Excessive agency
AI overstepping its bounds: understanding and mitigation
AI/ML
What is excessive agency?
Language Learning Models (LLMs) interfacing with external systems have introduced a new vulnerability known as excessive agency (LLM08). This issue surfaces when LLMs, designed to automate tasks and interact with other systems, end up performing actions they shouldn’t. These unintended actions can range from sending unauthorized emails to issuing incorrect financial refunds, all due to the LLM misinterpreting prompts or simply executing tasks incorrectly.
About this lesson
In this lesson, you will learn about vulnerabilities stemming from excessive agency and how to protect your applications against them.

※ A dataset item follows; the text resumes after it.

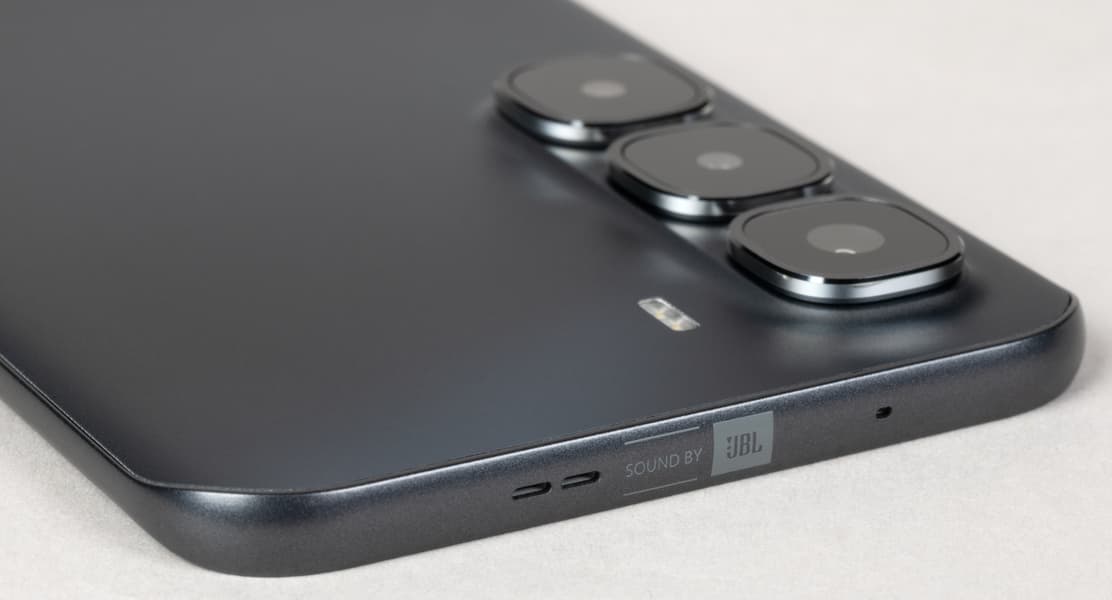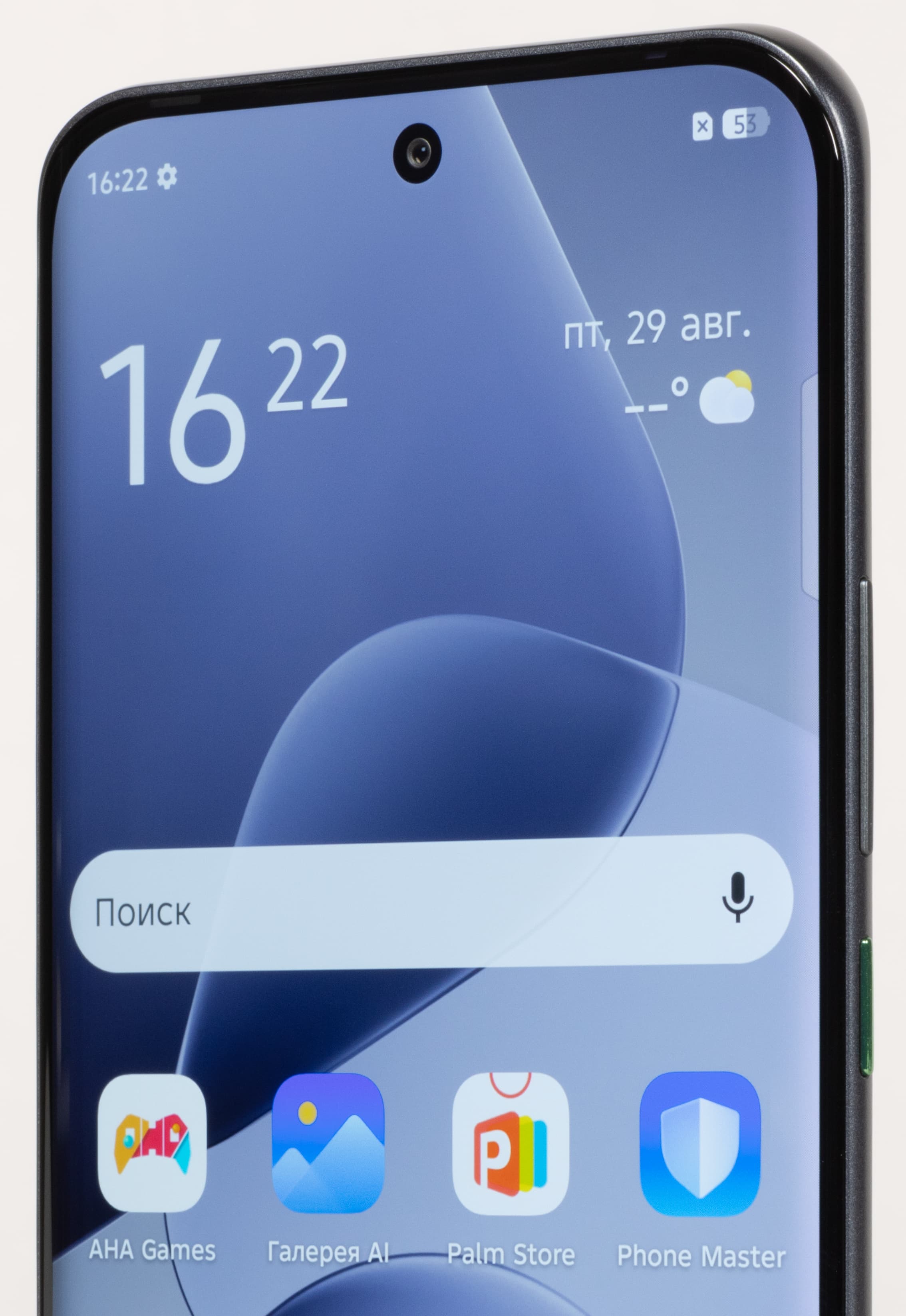 Одиночный глазок фронтальной камеры установлен за круглым вырезом в матрице экрана. Защитное стекло здесь — Corning Gorilla Glass 7i с загнутыми краями. Рамка вокруг дисплея узкая. Оптический сканер отпечатка пальца установлен под экраном в нижней части.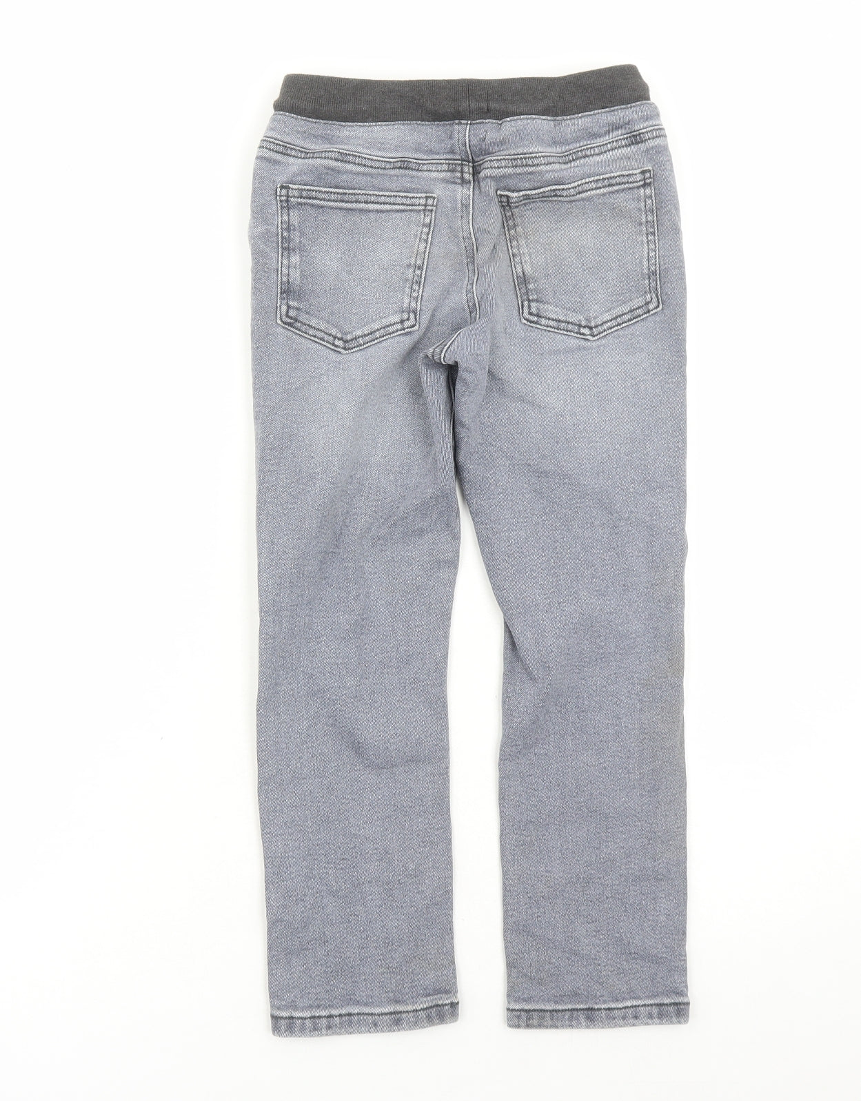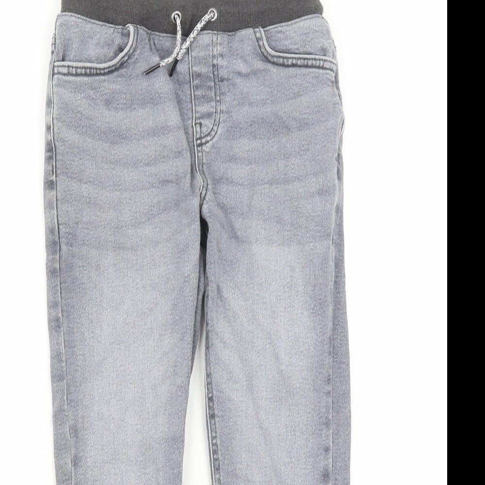 NEXT Boys Grey Cotton Straight Jeans Size 9 Months L22 in Extra-Slim Drawstring - Elasticated Waist

We will step into the shoes of a hacker who successfully exploits an AI assistant with too broad permissions.
The incident with the AI assistant serves as a textbook example of excessive agency resulting from inadequate access control. The initial step of connecting the assistant to the store's backend account was intended to give it the ability to access customer-related information, enhancing its effectiveness in handling customer support queries. This integration was essential for the assistant to retrieve and utilize information like order details and the status of support tickets.
However, this is where the critical oversight occurred. While integrating the assistant with their backend account, the development team neglected to restrict the access rights. Ideally, The access token should have been limited to only those sections of the account suite relevant to the AI's role in customer support. Instead, the assistant was inadvertently granted more extensive access than necessary due to this oversight. This extended access included capabilities such as scheduling meetings, which far exceeded the assistant's intended functional scope.
What is the impact of excessive agency?
The impact of excessive agency in LLM-based systems largely depends on the context in which the LLM operates and the specific permissions it has been granted. When an LLM is given broader access or capabilities than necessary for its intended purpose, it can lead to unintended and potentially harmful outcomes. This situation becomes particularly problematic when users manipulate the LLM, intentionally or not, to perform actions outside its original design parameters.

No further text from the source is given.